GO-Bio round 8 – Dr Johannes B. Woehrstein – Ludwig Maximilian University of Munich – Faculty of Physics – Chair of Rädler (Experimental Physics - soft condensed matter)

Beneficiary: Ludwig Maximilian University of Munich
Funding: GO-Bio Phase I (01.01.2019 bis 30.09.2021, 3.328.699 Euro)

Project Description

One reason cancer is so difficult to fight is because it is constantly changing and is extremely varied. Patients usually exhibit a mix of cancer cells with differing levels of aggression. Cell biologists refer to the heterogeneity of a tumour. For a therapy to be as effective as possible, doctors aim to identify the most aggressive cells in a patient's body to be able to attack them.
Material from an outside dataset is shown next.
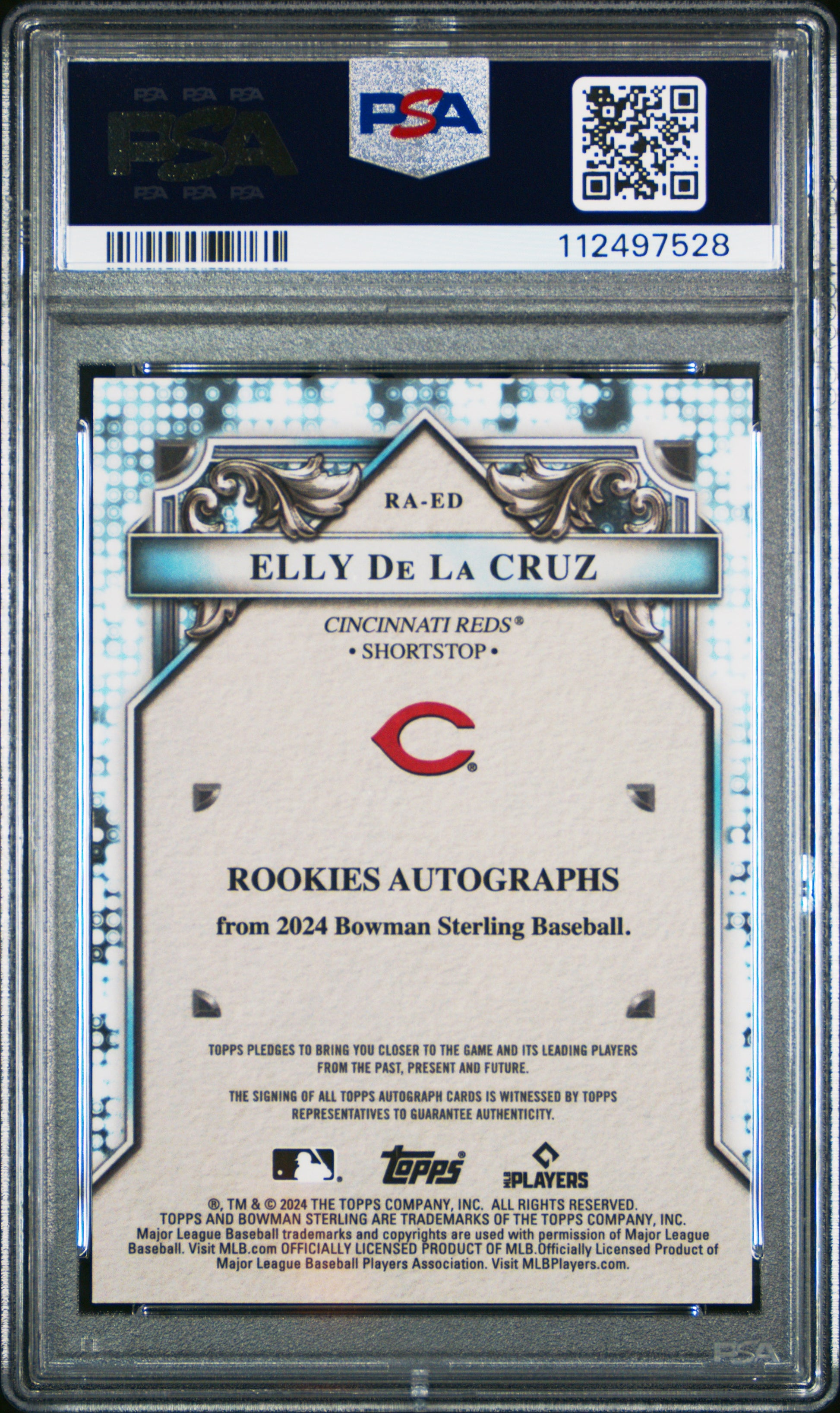 You are purchasing a Elly De La Cruz 2024 Bowman Sterling Rookies Autographs Rose Gold Ref 06/15 PSA 9. You will receive the exact item in the photographs. Thank you, Omaha Sports Cards. Listed With Mascot.

For the first time, single-cell analysis has made it possible to see the differences between cells. It is one of the most dynamic fields in biotechnology today. The latest generation of bio-analytical methods allow the finest traces of genetic material or proteins to be collected from a cell. Furthermore, procedures have now been developed to capture, isolate and examine many thousands of cells at once. The crux of the common processes: they generally require a sequence of enzymatic steps which often lead to material loss and are prone to error.
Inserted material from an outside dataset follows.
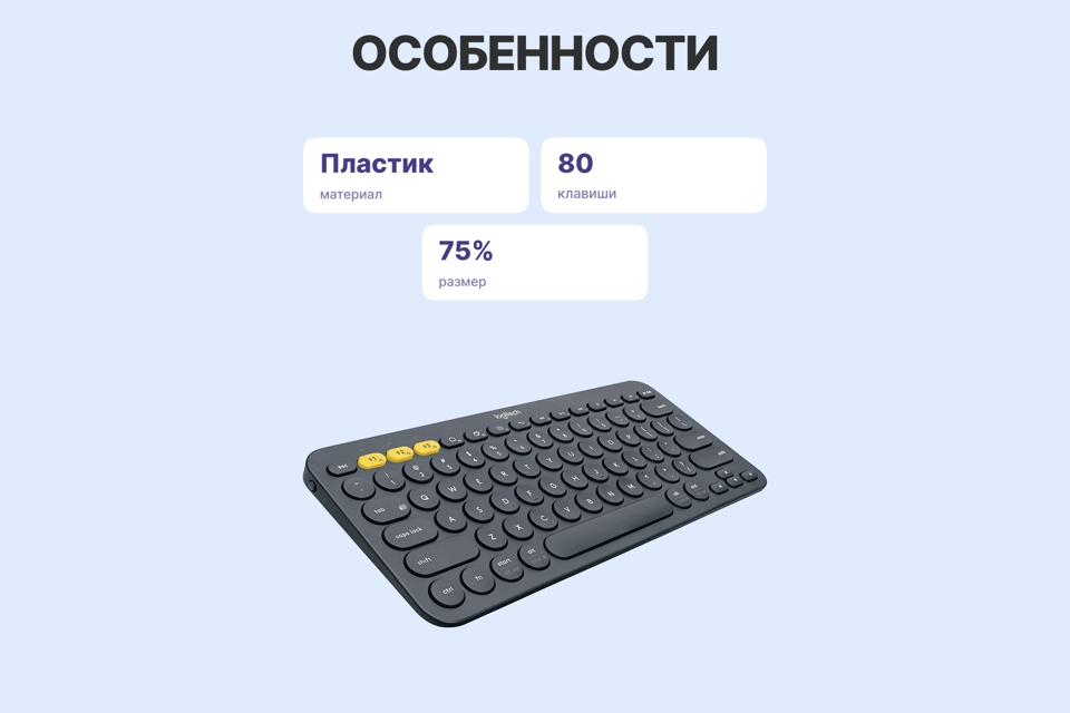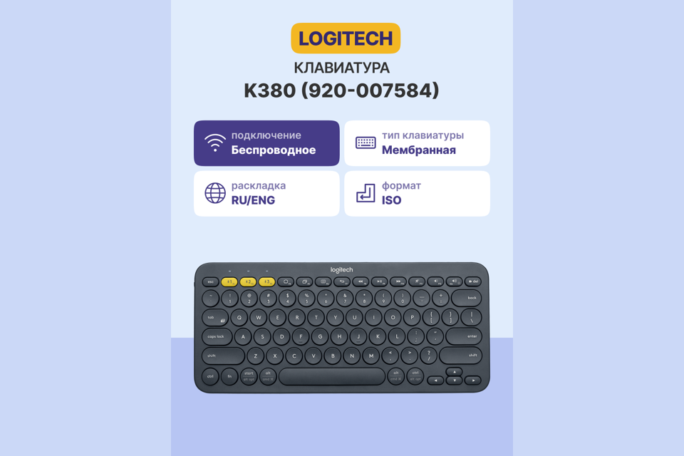 Клавиатура Logitech Клавиатура беспроводная Logitech K380 Multi-Device Bluetooth Keyboard Gray серая, копактная, 79 круглых клавиш, Bluetooth 3,0, подключение до 3-х устройств одновременно

The Munich-based scientists, led by Johannes B. Woehrstein from the"DEOXY Technologies" GO-Bio team, have dedicated their work on that issue. The team hope to establish a platform technology which builds on their own florescent nanoparticles, enabling genes from individual cells to be measured quickly and reliably in high-throughput sequences. Thanks to the DEOXY Nanoreporter, it is possible to detect the quantity of messenger RNA molecules (mRNAs) in a known gene, to make them visible and capable of being counted. The process does not use enzymatic steps.The researchers have been developing a microfluidic chip as a “test bed”. Its micro-channels allow for the precise measurement of gene activity in isolated tumour cells removed from a mix. Reagents are employed in that situation to break the cell envelope, leaving only genetic material behind. The process lets the nanoreporters attach to their target mRNA molecules immediately. They subsequently emit a light signal that can be recognised under the fluorescent microscope.
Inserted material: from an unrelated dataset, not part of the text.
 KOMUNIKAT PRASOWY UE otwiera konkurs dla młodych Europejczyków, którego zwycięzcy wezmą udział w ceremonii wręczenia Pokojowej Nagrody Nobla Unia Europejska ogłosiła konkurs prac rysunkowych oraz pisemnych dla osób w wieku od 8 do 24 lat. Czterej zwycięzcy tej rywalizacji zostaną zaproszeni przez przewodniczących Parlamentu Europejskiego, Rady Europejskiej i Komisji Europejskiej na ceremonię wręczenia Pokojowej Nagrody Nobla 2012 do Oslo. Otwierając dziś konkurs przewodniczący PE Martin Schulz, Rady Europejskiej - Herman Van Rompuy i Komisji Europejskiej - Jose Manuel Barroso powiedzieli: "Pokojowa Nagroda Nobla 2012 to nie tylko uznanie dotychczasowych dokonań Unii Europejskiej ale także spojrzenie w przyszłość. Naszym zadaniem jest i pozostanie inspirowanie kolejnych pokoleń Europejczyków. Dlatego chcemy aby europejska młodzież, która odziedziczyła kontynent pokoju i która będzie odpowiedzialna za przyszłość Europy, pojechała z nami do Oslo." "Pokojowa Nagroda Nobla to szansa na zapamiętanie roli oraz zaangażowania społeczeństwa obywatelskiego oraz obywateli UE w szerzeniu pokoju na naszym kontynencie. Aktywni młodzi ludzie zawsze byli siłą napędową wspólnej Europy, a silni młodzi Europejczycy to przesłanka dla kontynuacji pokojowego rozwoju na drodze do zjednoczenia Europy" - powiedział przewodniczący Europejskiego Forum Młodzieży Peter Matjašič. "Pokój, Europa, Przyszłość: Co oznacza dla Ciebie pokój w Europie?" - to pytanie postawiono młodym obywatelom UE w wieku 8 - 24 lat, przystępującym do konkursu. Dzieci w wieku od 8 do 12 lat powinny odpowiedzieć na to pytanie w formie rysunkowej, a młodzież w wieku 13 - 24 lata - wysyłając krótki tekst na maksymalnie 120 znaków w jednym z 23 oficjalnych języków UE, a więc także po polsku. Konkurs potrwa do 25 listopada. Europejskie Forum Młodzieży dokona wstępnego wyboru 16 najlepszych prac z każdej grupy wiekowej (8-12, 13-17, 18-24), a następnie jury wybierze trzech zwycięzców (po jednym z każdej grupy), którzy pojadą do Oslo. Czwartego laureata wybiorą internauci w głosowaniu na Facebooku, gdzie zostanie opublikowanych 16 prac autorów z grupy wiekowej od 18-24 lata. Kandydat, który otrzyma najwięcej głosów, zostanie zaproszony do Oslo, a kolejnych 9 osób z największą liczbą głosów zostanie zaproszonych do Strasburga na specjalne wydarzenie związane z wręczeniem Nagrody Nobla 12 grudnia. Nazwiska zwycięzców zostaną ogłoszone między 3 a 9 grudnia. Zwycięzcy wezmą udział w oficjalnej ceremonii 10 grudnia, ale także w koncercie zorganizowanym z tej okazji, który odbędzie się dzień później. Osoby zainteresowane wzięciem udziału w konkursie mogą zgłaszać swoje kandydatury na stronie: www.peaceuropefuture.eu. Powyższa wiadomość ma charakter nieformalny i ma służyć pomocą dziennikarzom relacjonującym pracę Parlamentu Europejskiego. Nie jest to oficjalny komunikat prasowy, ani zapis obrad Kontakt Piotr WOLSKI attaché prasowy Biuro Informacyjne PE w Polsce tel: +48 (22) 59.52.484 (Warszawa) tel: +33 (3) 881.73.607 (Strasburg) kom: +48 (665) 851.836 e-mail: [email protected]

The DEOXY system is accurate and highly sensitive as it can detect known genes instantly. That is why it is suited to the demands of clinical practice: it can be used to analyse more than a thousand cells at once and the activity of more than a hundred genes can be measured simultaneously for each cell. It is therefore very quick and simple to classify tumour cells according to their type and to find the most aggressive ones. Building on that, doctors can then select personalised tumour therapy for each patient. By the end of the first GO-Bio stage, the Munich-based team plans for the measurement system to be fully ready for use in partner clinics. They then also plan to start a company.